Однако его без труда догнали приближённые — амиры и царедворцы — и принялись подсаживать на коня.

Одни совали его непослушную ногу в стремя, другие подпирали под локти, все теснясь к нему, мешая друг другу, оттаскивая один другого, каждый торопясь шепнуть те насущные слова, каких только что и в мыслях ни у кого не было.

Мираншах слышал, не вникая в слова, молящие голоса своих спутников, сподвижников, сотрапезников:

— Государь! Милостивый! Владыка великодушный! Защитите, государь! Попомните, владыка, наше усердие. Не забудьте, государь, моей преданности! Защитите, милостивый! Упование наше на вас, великий мирза!

Но чем настойчивей, чем горячей и тревожней звучали их шёпоты, тем беспокойнее и страшнее становилось самому Мираншаху.

Он не заметил, что уже сидит в седле, что коня его тянут на поводу, что все устремились к городу, спеша сами там укрыться либо что-то укрыть.

Беспорядочным, поспешным, как бегство, выглядело возвращение в город расточительного и пышного правителя обширных владений царства Хулагу, куда как области входили Азербайджан и Грузия, Армения и Северный Иран, Багдад и Шираз; богатой страны, достигавшей благодатных волн Чёрного моря, беспокойных валов Каспия, призрачных, как марево, вод Персидского залива и зыбких, как море, песков Месопотамии.

Чем ближе к своему дворцу приближался Мираншах, тем малочисленнее становилась его свита.
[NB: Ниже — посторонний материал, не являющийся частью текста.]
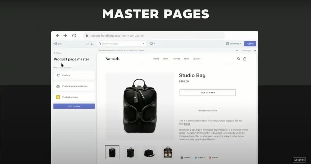 - The master page is like the template in the previous architecture but with these new updates, you can have a master product page for all products with product info and you can add or change dynamic section for each product page without the need for custom alternate templates

Спутники искусно и неприметно отставали, чтобы свернуть в свои переулки и, уединившись дома, запереться ли там, отсидеться ли, обмыслить ли надвигающийся самум, укрыть ли имущество от нескромных глаз, — подготовиться к прибытию Повелителя Мира.

Дервиши попадались навстречу, порой увязывались за вельможами, заходили следом за ними в их дома, предлагая помолиться о ниспослании милости аллаха на достояние рабов своих.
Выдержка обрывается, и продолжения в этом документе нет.